Eu tinha 19 anos. Estava saindo da faculdade por volta de 21 horas. Descia uma das avenidas mais movimentadas da região centro sul de Belo Horizonte, próxima à várias faculdades.

Estava sozinha e por azar, naquele momento, não tinha tanta gente assim na rua. Um táxi foi andando devagar e parou do meu lado. O motorista abre a porta do passageiro da frente e diz: “moça, você está sendo seguida. Olhe pra trás”. Eu olhei e vi que havia um grupo de pessoas que me acompanhava há alguns minutos, então me apavorei. Ele disse pra eu entrar no táxi, que assim poderia me ajudar. No desespero, nem pensei. Lá estava eu, no banco da frente sentada ao lado dele.

Conversamos sobre coisas da vida, ele me fez várias perguntas, sem que eu percebesse que havia uma intenção. Ele era um homem moreno, que aparentava ter entre 30 e 40 anos.
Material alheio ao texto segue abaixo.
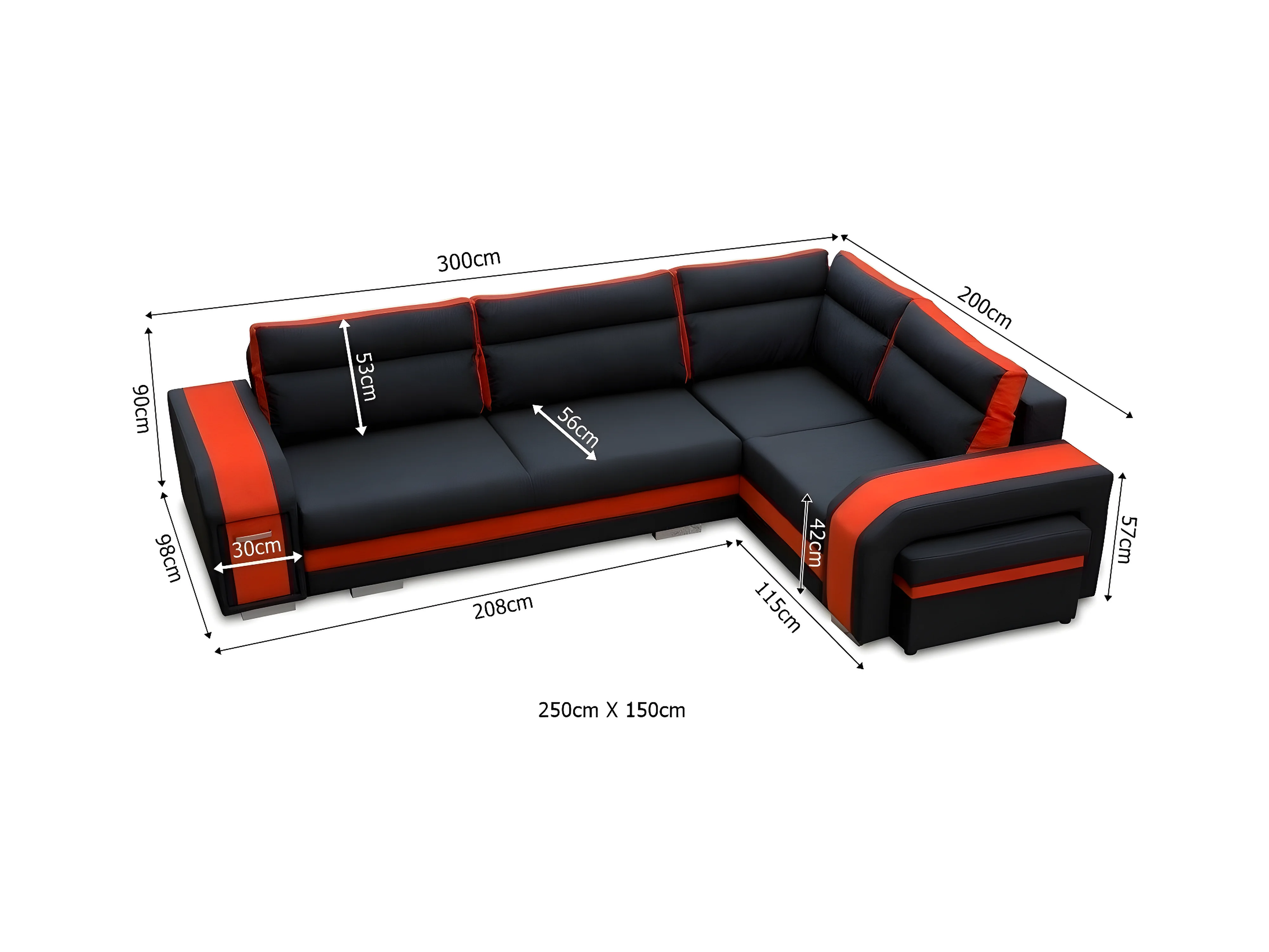 Canapé d'angle Kingsport 100, Noir, Fonction de couchage, Boîte de literie, 300x200x90cm
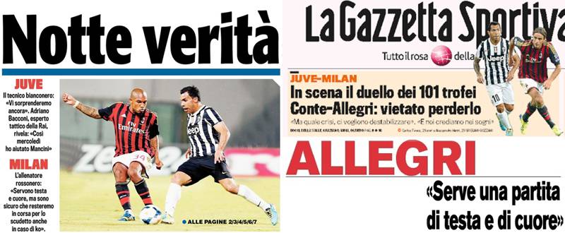 I titoli Gazzetta, CorSport e Tuttosport: Juventus-Milan, notte verità! Conte-Allegri vietato perdere – Foto
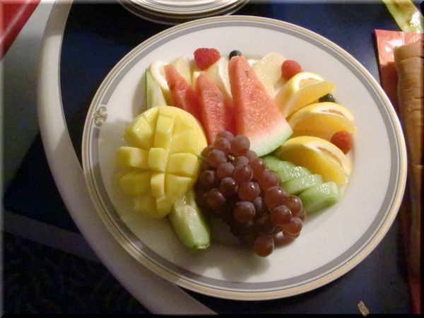 取り替えてもらおうかとフロントに連絡すると、コック長も一緒に部屋に来て、最初に購入したフルーツの数倍あるフルーツ盛り合わせが届きました!
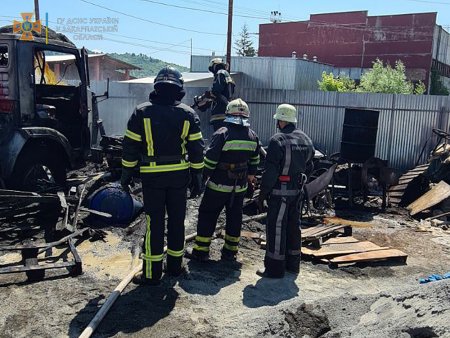 Перше повідомлення надійшло до Служби порятунку об 11:53. У Мукачеві на вул. Пряшівській загорівся вантажний автомобіль КамАЗ-5410 на території підприємства з виготовлення бруківки. Працівники саме проводили роботи надворі, коли побачили вогонь. Вони одразу ж викликали вогнеборців, які о 12:32 повністю ліквідували пожежу. Полум’я пошкодило кабіну й моторний відсік вантажівки та знищило 8 європіддонів.

Depois de alguns quilômetros, ele disse que precisava colocar gasolina no táxi e a partir daí começou a agir diferente. Fazia perguntas mais íntimas e quando percebi, ele estava com a mão direita nas minhas pernas.
Tinha algo muito errado e dentro de mim começou a nascer um medo do qual eu nunca havia sentido antes. As perguntas foram piorando, ele dizia que eu era linda, perguntava se eu namorava, quantos anos eu tinha e subia um pouco mais a mão, aquilo me deixou totalmente apavorada e eu não podia demonstrar. Neste percurso, em vários momentos pensei em abrir a porta e pular do carro, mas sempre que tentava soltar meu cinto, via que ele estava preso de alguma forma que eu não entendia.
Disse que não queria prosseguir viagem, que ele poderia me deixar ali mesmo, que era aniversário da minha irmã e todos me esperavam, mas ele não deixou. Continuava dizendo que precisava abastecer o táxi. Entramos na avenida Antônio Carlos e ele rapidamente tratou de procurar um lugar mais ermo, o medo tomou conta.

Ele parou o táxi em uma ruazinha escura, eu não via ninguém. Desceu do carro e foi até um poste que estava próximo à minha janela. Abriu a calça e começou a urinar, na intenção de me intimidar. Quando percebi o que ele estava fazendo, virei o rosto. Senti nojo e muito medo, só queria sair dali. Peguei o celular e comecei a fingir que falava com a minha mãe. Dizia que estava no táxi e que logo chegaria em casa, inventava coisas que dessem ideia do que estava acontecendo. Eu não estava falando com ela, não tinha créditos no dia, mas foi a única coisa que consegui pensar.

Depois de alguns minutos, ele voltou para dentro do carro e continuou com as mãos nas minhas pernas, falava algumas coisas nojentas, enquanto dava voltas com o carro. Eu não conseguia pensar em mais nada, achava que já não tinha mais jeito de escapar dali. Nunca havia “chegado ao finalmente” com alguém e preferia morrer só de pensar em ter minha primeira relação sexual de uma forma tão obscura e forçada. Deu vontade de chorar, mas eu não queria que ele percebesse que eu estava fragilizada. Eu comecei a pedir à Deus dentro da minha cabeça que me tirasse dali, que me ajudasse a escapar.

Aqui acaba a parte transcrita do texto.